* _Your assignment_
Restate the entries below in full, exactly as they read, but without pictures.

[[ Supplied material, beginning ]]

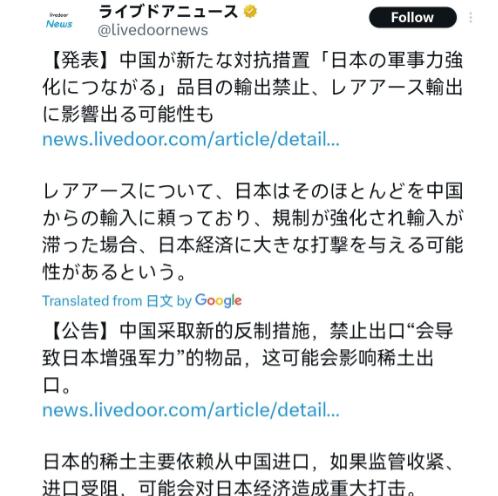没想到日本反应情绪如此之大!在我们严格管控军民两用物资对日本进行反制之后,日本国内情绪非常激动。有日本网友就说,这样的管制措施比当年欧洲对付中国的瓦森纳协议管制还要严格。中国对日本禁运的军民两用商品,目录就列了一百多页。 有人就表示,中国这是正式宣告,要么高市早苗收回她关于台湾的讲话,要么高市下台,中日关系没可能改善。 很多人盯着日本网友喊“管制比瓦森纳协议还严”的情绪宣泄,却没看清一个关键:日本这次的集体焦虑,本质是高市早苗的政治冒险,撞上了日本产业结构的致命软肋。中国这一百多页的管制清单,看似是对涉台言论的反制,实则精准戳中了日本“寓军于民”模式的命门。 高市早苗当初抛出“台湾有事可能构成日本存亡危机事态”的言论,绝非一时口误。熟悉日本政坛的人都清楚,当前日本自民党内右翼势力抬头,温和派持续边缘化,“对华示强”已成部分政客博取支持的政治正确。 高市早苗这番表态,本质是想借涉台议题绑定右翼势力、稳固执政根基,可她明显算错了两步:一是低估了中国捍卫核心利益的决心,二是没摸清日本产业对中国的依赖程度有多深。 日本网友拿瓦森纳协议对比,其实暴露了他们的认知偏差。瓦森纳协议是欧美为维持技术霸权搞的霸权主义管制,而中国这次的措施,完全是基于自身法律和国际义务的精准反制。而且,两者的影响逻辑完全不同:瓦森纳协议针对的是中国整体技术发展,而中国的管制直接瞄准日本军工的“粮草供应链”。 日本军工体系长期依赖三菱、川崎重工等企业的民用技术转化,这些企业生产导弹导引头、战斗机发动机所需的中重稀土、特种半导体材料,恰恰高度依赖中国出口。 日本外务省急着抗议“不符合国际惯例”,这番话纯属双标。日本作为瓦森纳协议成员国,常年跟着欧美搞两用物项管制,从没觉得有问题。现在轮到自己被管制,就急着跳脚,核心原因是管制已经引发了日本国内的连锁反应。 高市早苗的支持率本来就靠右翼撑着,现在管制措施让日本汽车、电子等核心产业感受到了实质痛感,经济界对高市政府的不满正在快速累积,这才是日本情绪失控的核心原因。 有数据能直观说明这种痛感有多强烈。日本的电动汽车电机、精密仪器等产业,对铽、镝等中重稀土的依赖度几乎达到100%,而这些资源的主要供应方就是中国。 日本多年来推动的供应链多元化根本没落地,技术壁垒和成本问题让企业无法快速找到替代来源。野村研究所的测算显示,要是稀土相关出口限制持续三个月,日本经济将损失6600亿日元,GDP会下降0.11%。 如果持续一年的话,损失会飙升到2.6万亿日元,GDP下降0.43%。这种实打实的经济压力,已经让日本经济界开始公开质疑高市早苗的对华政策。 所以“要么高市收回讲话,要么高市下台”的声音,本质是日本国内利益博弈的体现。经济界要的是稳定的经贸环境,而高市早苗的政治冒险正在毁掉这一切。中国的管制措施其实划清了明确边界:不针对日本普通民众,不影响合法民用贸易,只盯着军事相关用途。 这就把选择权直接交给了日方:是继续跟着高市早苗的错误言论走,让产业持续承压;还是纠正错误,保住中日经贸的基本盘。 还要看清一个关键背景,高市早苗当初敢说那些话,本来指望美国撑腰,结果却被盟友“泼了冷水”。中美元首通话时,美方明确表态理解台湾问题对中国的重要性,随后特朗普还专门致电高市早苗,要求她不要在台海问题上激怒中方。 这种情况下,高市早苗陷入了内外交困的境地:国际上没得到盟友的明确支持,国内又因产业承压引发不满。 现在的中日关系僵局,完全是高市早苗的政治误判造成的,要打破僵局,日方唯一的出路就是正视错误,要么让高市收回涉台谬论,要么让她承担相应政治责任,除此之外,别无他法。
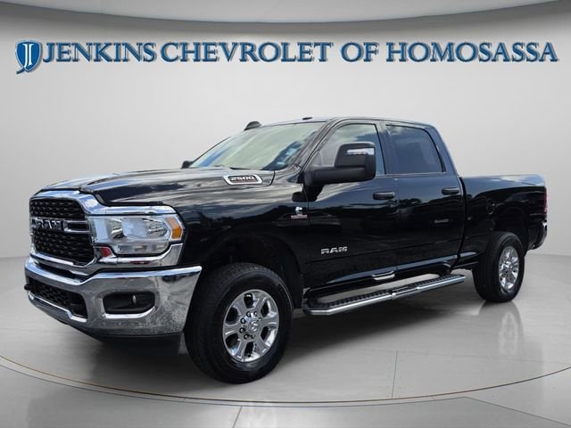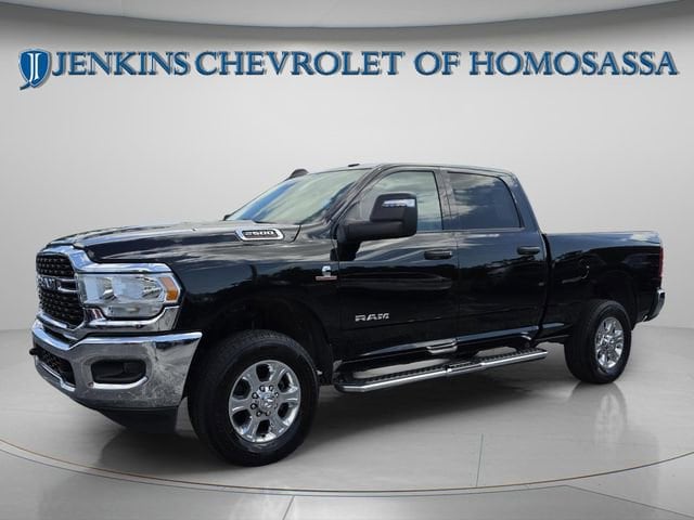 This vehicle comes equipped with Level 1 Equipment Group (2 Way Rear Headrest Seat, 2nd Row In Floor Storage Bins, 4 Way Front Headrests, 40/20/40 Split Bench Seat, 4G LTE Wi-Fi Hot Spot, 8.4 Touchscreen Display, Apple CarPlay, Auto Power-Folding Mirrors, Big Horn IP Badge, Black Exterior Mirrors, Bluetooth Handsfree Phone & Audio, Center Hub, Connectivity - US/Canada, Dual Glove Boxes, Exterior Mirrors Courtesy Lamps, Exterior Mirrors w/Heating Element, Exterior Mirrors w/Supplemental Signals, Foam Bottle Insert (Door Trim Panel), Footwell Courtesy Lamp, For Details, Visit DriveUconnect.com, For More Info, Call 800-643-2112, Forward & Reverse Utility Lights, Front Armrest w/Cupholders, Front Center Seat Cushion Storage, Front Fog Lamps, Front Seat Back Map Pockets, Global Telematics Box Module (TBM), Glove Box Lamp, Google Android Auto, GPS Antenna Input, Integrated Center Stack Radio, Integrated Voice Command w/Bluetooth, Leather Wrapped Steering Wheel, Locking Lower Glove Box, Manual Adjust 4-Way Front Passenger Seat, Mirror Running Lights, Power 2-Way Driver Lumbar Adjust, Power Adjust 8-Way Driver Seat, Power Adjust Mirrors, Power Adjustable Convex Aux Mirrors, Power Heated Fold Telescope Mirrors, Power Telescoping Mirrors, Rear 60/40 Folding Seat, Rear Dome w/On/Off Switch Lamp, Remote USB Port - Charge Only, Selectable Tire Fill Alert, SiriusXM Radio Service, SiriusXM Satellite Radio, Steering Wheel Mounted Audio Controls, Storage Tray, and Wheels: 18 x 8.0 Polished Aluminum), Quick Order Package 2HZ Big Horn, 3.73 Axle Ratio, 4-Wheel Disc Brakes, 6 Speakers, ABS brakes, Active Noise Control System, Air Conditioning, Anti-Spin Differential Rear Axle, Brake assist, Bumpers: chrome, Center Stack Storage Drawer, Chrome Flat Cab-Length Side Steps, Cloth 40/20/40 Bench Seat, Compass, Delay-off headlights, Driver door bin, Dual front impact airbags, Dual front side impact airbags, Electronic Stability Control, Electronically Controlled Throttle, Emergency communication system: SiriusXM Guardian, Front anti-roll bar, Front Center Armrest w/Storage, Front License Plate Bracket, Front reading lights, Fully automatic headlights, Heated door mirrors, Illuminated entry, Low tire pressure warning, Manual Adjust 4-Way Driver Seat, Manufacturer's Statement of Origin, Occupant sensing airbag, Outside temperature display, Overhead airbag, Overhead console, Panic alarm, ParkView Rear Back-Up Camera, Passenger door bin, Passenger vanity mirror, Power door mirrors, Power steering, Power windows, Premium Cloth 40/20/40 Bench Seat (DISC), Radio data system, Radio: Uconnect 3 w/5 Display, Radio: Uconnect 5 W w/8.4 Display, Rear anti-roll bar, Rear Folding Seat, Rear seat center armrest, Rear step bumper, Remote keyless entry, Speed control, Tachometer, Tilt steering wheel, Tip Start, Tow Hooks, Traction control, Trip computer, Turn signal indicator mirrors, Variably intermittent wipers, Voltmeter, and Wheels: 18 x 8.0 Steel Chrome Clad . Jenkins Chevrolet of Homosassa proudly serving Homosassa, Spring Hill, Hernando, Crystal River, Beverly Hills, Inverness. Just a half hour North of Buccaneer Bay. Come see the large, expansive inventory of the Jenkins Auto Group. Clean CARFAX. CARFAX One-Owner. Diamond Black Crystal Pearlcoat 2024 Ram 2500 Big Horn 4WD 6-Speed Automatic Cummins 6.7L I6 Turbodiesel
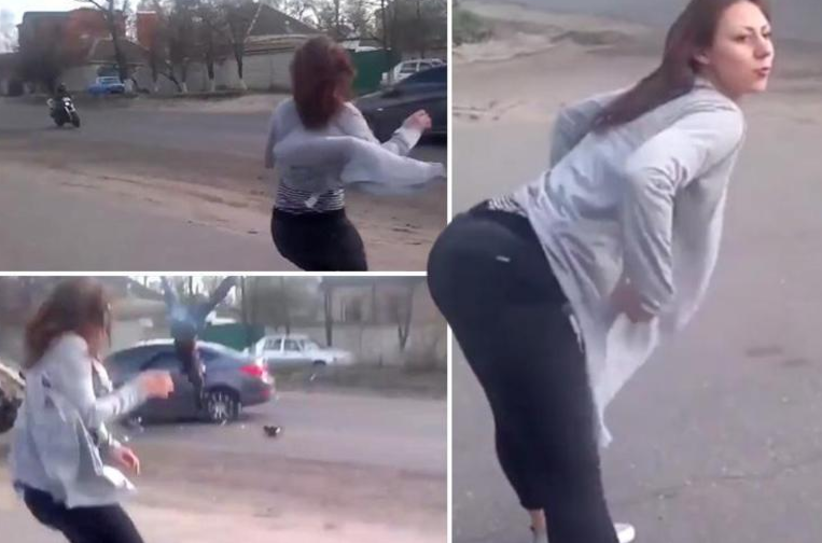 Uma performance improvisada e sensual de uma mulher na calçada acabou mal, na Ucrânia.
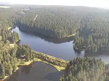 The Bärenbrucher Teich ("Bärenbruch Pond") is an historic reservoir in the Harz Mountains of central Germany. It lies east of Buntenbock near Clausthal-Zellerfeld.
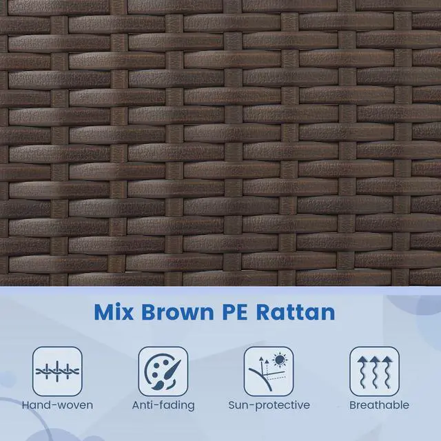 Elegant Hand-Woven Rattan: Crafted with mix gray PE rattan, this set combines stylish texture with all-weather durability. The sunproof and fade-resistant weave offers a breathable surface and adds timeless charm to any outdoor space.

[[ Supplied material, end ]]

* _Written solution_
没想到日本反应情绪如此之大!在我们严格管控军民两用物资对日本进行反制之后,日本国内情绪非常激动。有日本网友就说,这样的管制措施比当年欧洲对付中国的瓦森纳协议管制还要严格。中国对日本禁运的军民两用商品,目录就列了一百多页。 有人就表示,中国这是正式宣告,要么高市早苗收回她关于台湾的讲话,要么高市下台,中日关系没可能改善。 很多人盯着日本网友喊“管制比瓦森纳协议还严”的情绪宣泄,却没看清一个关键:日本这次的集体焦虑,本质是高市早苗的政治冒险,撞上了日本产业结构的致命软肋。中国这一百多页的管制清单,看似是对涉台言论的反制,实则精准戳中了日本“寓军于民”模式的命门。 高市早苗当初抛出“台湾有事可能构成日本存亡危机事态”的言论,绝非一时口误。熟悉日本政坛的人都清楚,当前日本自民党内右翼势力抬头,温和派持续边缘化,“对华示强”已成部分政客博取支持的政治正确。 高市早苗这番表态,本质是想借涉台议题绑定右翼势力、稳固执政根基,可她明显算错了两步:一是低估了中国捍卫核心利益的决心,二是没摸清日本产业对中国的依赖程度有多深。 日本网友拿瓦森纳协议对比,其实暴露了他们的认知偏差。瓦森纳协议是欧美为维持技术霸权搞的霸权主义管制,而中国这次的措施,完全是基于自身法律和国际义务的精准反制。而且,两者的影响逻辑完全不同:瓦森纳协议针对的是中国整体技术发展,而中国的管制直接瞄准日本军工的“粮草供应链”。 日本军工体系长期依赖三菱、川崎重工等企业的民用技术转化,这些企业生产导弹导引头、战斗机发动机所需的中重稀土、特种半导体材料,恰恰高度依赖中国出口。 日本外务省急着抗议“不符合国际惯例”,这番话纯属双标。日本作为瓦森纳协议成员国,常年跟着欧美搞两用物项管制,从没觉得有问题。现在轮到自己被管制,就急着跳脚,核心原因是管制已经引发了日本国内的连锁反应。 高市早苗的支持率本来就靠右翼撑着,现在管制措施让日本汽车、电子等核心产业感受到了实质痛感,经济界对高市政府的不满正在快速累积,这才是日本情绪失控的核心原因。 有数据能直观说明这种痛感有多强烈。日本的电动汽车电机、精密仪器等产业,对铽、镝等中重稀土的依赖度几乎达到100%,而这些资源的主要供应方就是中国。 日本多年来推动的供应链多元化根本没落地,技术壁垒和成本问题让企业无法快速找到替代来源。野村研究所的测算显示,要是稀土相关出口限制持续三个月,日本经济将损失6600亿日元,GDP会下降0.11%。 如果持续一年的话,损失会飙升到2.6万亿日元,GDP下降0.43%。这种实打实的经济压力,已经让日本经济界开始公开质疑高市早苗的对华政策。 所以“要么高市收回讲话,要么高市下台”的声音,本质是日本国内利益博弈的体现。经济界要的是稳定的经贸环境,而高市早苗的政治冒险正在毁掉这一切。中国的管制措施其实划清了明确边界:不针对日本普通民众,不影响合法民用贸易,只盯着军事相关用途。 这就把选择权直接交给了日方:是继续跟着高市早苗的错误言论走,让产业持续承压;还是纠正错误,保住中日经贸的基本盘。 还要看清一个关键背景,高市早苗当初敢说那些话,本来指望美国撑腰,结果却被盟友“泼了冷水”。中美元首通话时,美方明确表态理解台湾问题对中国的重要性,随后特朗普还专门致电高市早苗,要求她不要在台海问题上激怒中方。 这种情况下,高市早苗陷入了内外交困的境地:国际上没得到盟友的明确支持,国内又因产业承压引发不满。 现在的中日关系僵局,完全是高市早苗的政治误判造成的,要打破僵局,日方唯一的出路就是正视错误,要么让高市收回涉台谬论,要么让她承担相应政治责任,除此之外,别无他法。
 This vehicle comes equipped with Level 1 Equipment Group (2 Way Rear Headrest Seat, 2nd Row In Floor Storage Bins, 4 Way Front Headrests, 40/20/40 Split Bench Seat, 4G LTE Wi-Fi Hot Spot, 8.4 Touchscreen Display, Apple CarPlay, Auto Power-Folding Mirrors, Big Horn IP Badge, Black Exterior Mirrors, Bluetooth Handsfree Phone & Audio, Center Hub, Connectivity - US/Canada, Dual Glove Boxes, Exterior Mirrors Courtesy Lamps, Exterior Mirrors w/Heating Element, Exterior Mirrors w/Supplemental Signals, Foam Bottle Insert (Door Trim Panel), Footwell Courtesy Lamp, For Details, Visit DriveUconnect.com, For More Info, Call 800-643-2112, Forward & Reverse Utility Lights, Front Armrest w/Cupholders, Front Center Seat Cushion Storage, Front Fog Lamps, Front Seat Back Map Pockets, Global Telematics Box Module (TBM), Glove Box Lamp, Google Android Auto, GPS Antenna Input, Integrated Center Stack Radio, Integrated Voice Command w/Bluetooth, Leather Wrapped Steering Wheel, Locking Lower Glove Box, Manual Adjust 4-Way Front Passenger Seat, Mirror Running Lights, Power 2-Way Driver Lumbar Adjust, Power Adjust 8-Way Driver Seat, Power Adjust Mirrors, Power Adjustable Convex Aux Mirrors, Power Heated Fold Telescope Mirrors, Power Telescoping Mirrors, Rear 60/40 Folding Seat, Rear Dome w/On/Off Switch Lamp, Remote USB Port - Charge Only, Selectable Tire Fill Alert, SiriusXM Radio Service, SiriusXM Satellite Radio, Steering Wheel Mounted Audio Controls, Storage Tray, and Wheels: 18 x 8.0 Polished Aluminum), Quick Order Package 2HZ Big Horn, 3.73 Axle Ratio, 4-Wheel Disc Brakes, 6 Speakers, ABS brakes, Active Noise Control System, Air Conditioning, Anti-Spin Differential Rear Axle, Brake assist, Bumpers: chrome, Center Stack Storage Drawer, Chrome Flat Cab-Length Side Steps, Cloth 40/20/40 Bench Seat, Compass, Delay-off headlights, Driver door bin, Dual front impact airbags, Dual front side impact airbags, Electronic Stability Control, Electronically Controlled Throttle, Emergency communication system: SiriusXM Guardian, Front anti-roll bar, Front Center Armrest w/Storage, Front License Plate Bracket, Front reading lights, Fully automatic headlights, Heated door mirrors, Illuminated entry, Low tire pressure warning, Manual Adjust 4-Way Driver Seat, Manufacturer's Statement of Origin, Occupant sensing airbag, Outside temperature display, Overhead airbag, Overhead console, Panic alarm, ParkView Rear Back-Up Camera, Passenger door bin, Passenger vanity mirror, Power door mirrors, Power steering, Power windows, Premium Cloth 40/20/40 Bench Seat (DISC), Radio data system, Radio: Uconnect 3 w/5 Display, Radio: Uconnect 5 W w/8.4 Display, Rear anti-roll bar, Rear Folding Seat, Rear seat center armrest, Rear step bumper, Remote keyless entry, Speed control, Tachometer, Tilt steering wheel, Tip Start, Tow Hooks, Traction control, Trip computer, Turn signal indicator mirrors, Variably intermittent wipers, Voltmeter, and Wheels: 18 x 8.0 Steel Chrome Clad . Jenkins Chevrolet of Homosassa proudly serving Homosassa, Spring Hill, Hernando, Crystal River, Beverly Hills, Inverness. Just a half hour North of Buccaneer Bay. Come see the large, expansive inventory of the Jenkins Auto Group. Clean CARFAX. CARFAX One-Owner. Diamond Black Crystal Pearlcoat 2024 Ram 2500 Big Horn 4WD 6-Speed Automatic Cummins 6.7L I6 Turbodiesel
 Uma performance improvisada e sensual de uma mulher na calçada acabou mal, na Ucrânia.
 The Bärenbrucher Teich ("Bärenbruch Pond") is an historic reservoir in the Harz Mountains of central Germany. It lies east of Buntenbock near Clausthal-Zellerfeld.
 Elegant Hand-Woven Rattan: Crafted with mix gray PE rattan, this set combines stylish texture with all-weather durability. The sunproof and fade-resistant weave offers a breathable surface and adds timeless charm to any outdoor space.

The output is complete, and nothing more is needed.